| name | notebook-refiner |
| description | Standards for high-quality Jupyter Notebooks. Focuses on readability, reproducibility, and educational value. |
Notebook Refiner Standards
Purpose
To ensure Jupyter Notebooks are not just "functioning code dumps" but educational learning materials and reproducible assets.
Core Philosophy: "Readability & Reproducibility"

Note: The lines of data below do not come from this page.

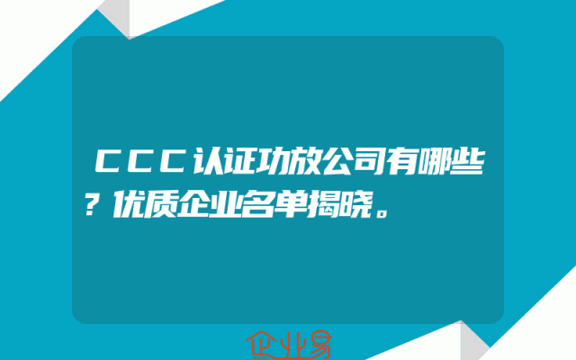 - CCC认证功放公司有哪些?优质企业名单揭晓。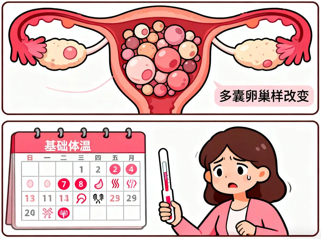 约70%的PCOS患者会出现月经周期延长或缩短,甚至闭经。有患者形容:“月经要么提前半个月报到,要么推迟一个月才来,完全没规律。”这种紊乱可能与体内雄激素水平异常有关。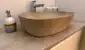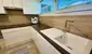 • ein helles Badezimmer mit Dusche, Waschbecken und WC,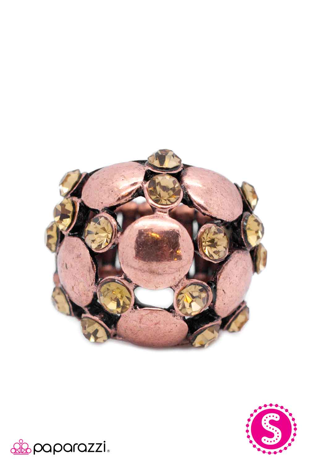 Sporadic copper circles and timeless topaz rhinestones connect to form a rounded plate. Sold as one individual ring.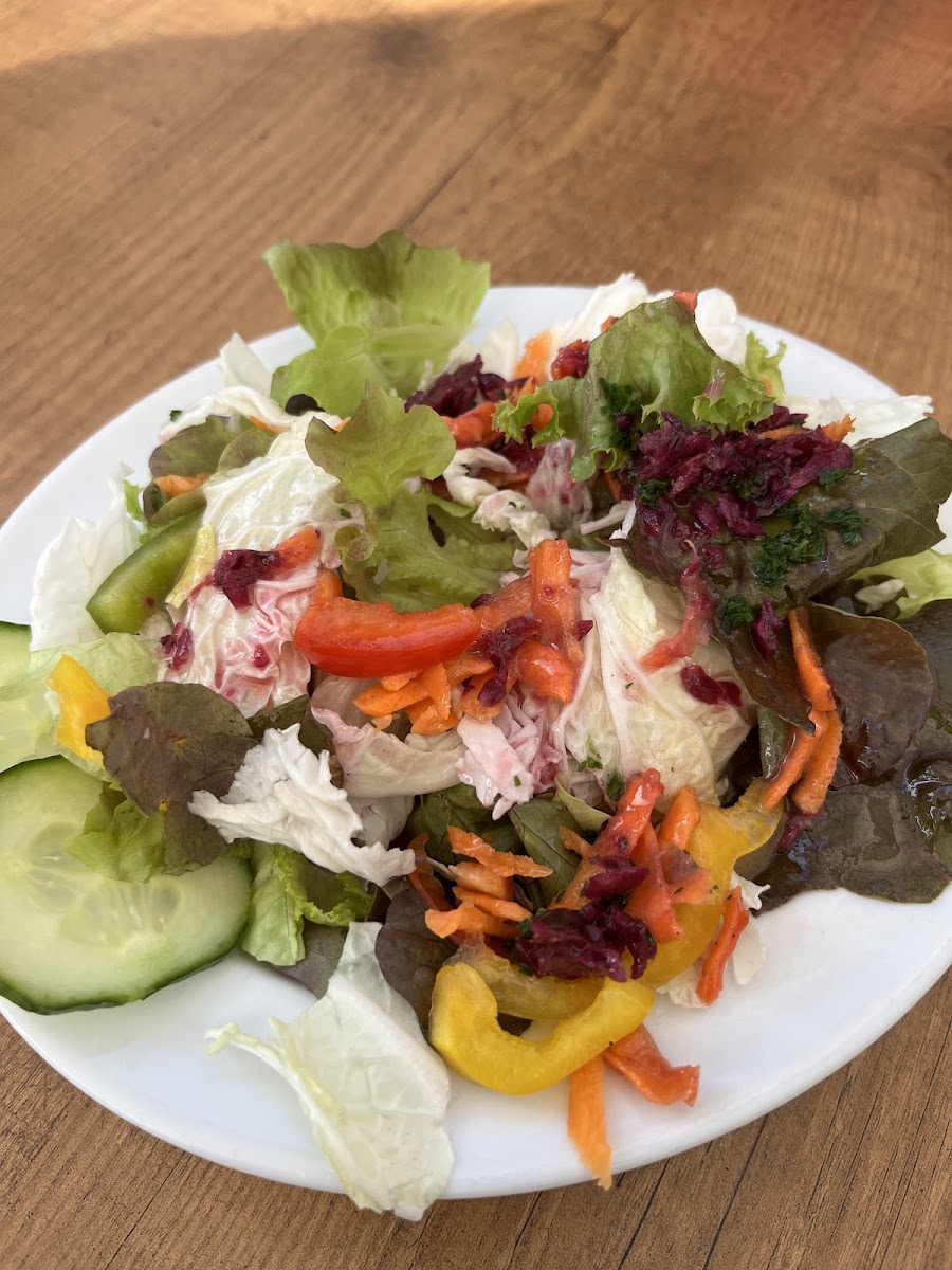 In Bayern eine vegane Bratwurst, mit Salat und Super Dressing sowie hervorragende Pommes. Wer hätte das erwartet, im bayrischem Mutterland des Fleisches ! Einfach genial und mit Herz serviert !

A notebook is a document meant to be read by humans, not just a script for machines.
Refactoring Standards
1. Structure (Flow)
- Imports: All imports must be in the first cell.
- Logical Flow: Data Load → EDA → Preprocessing → Modeling → Evaluation.
- Kernel Check: Must specify required environment (e.g.,
venv, python version).
2. Code Quality (Refactor)
- Naming: Use descriptive names (
titanic_df) over generic ones (df). Follow conventions (X,y,model). - Granularity: One logical step per cell. Don't mix loading and training in one massive cell.
- Output: Suppress verbose logs (e.g., strict
fit()output).
3. Documentation (Context)
"Explain Why, Not What"
- Bad: "This code splits the data." (Redundant)
- Good: "We use
stratify=yto maintain class balance in the test set." (Insightful) - Headers: Use clear Markdown headers (
#,##) to navigate structure.
4. Verification (Reproducibility)
- Restart & Run All: The notebook must run from top to bottom without error after a kernel restart.
- Visuals: All plots must have Titles, Axis Labels, and Legends.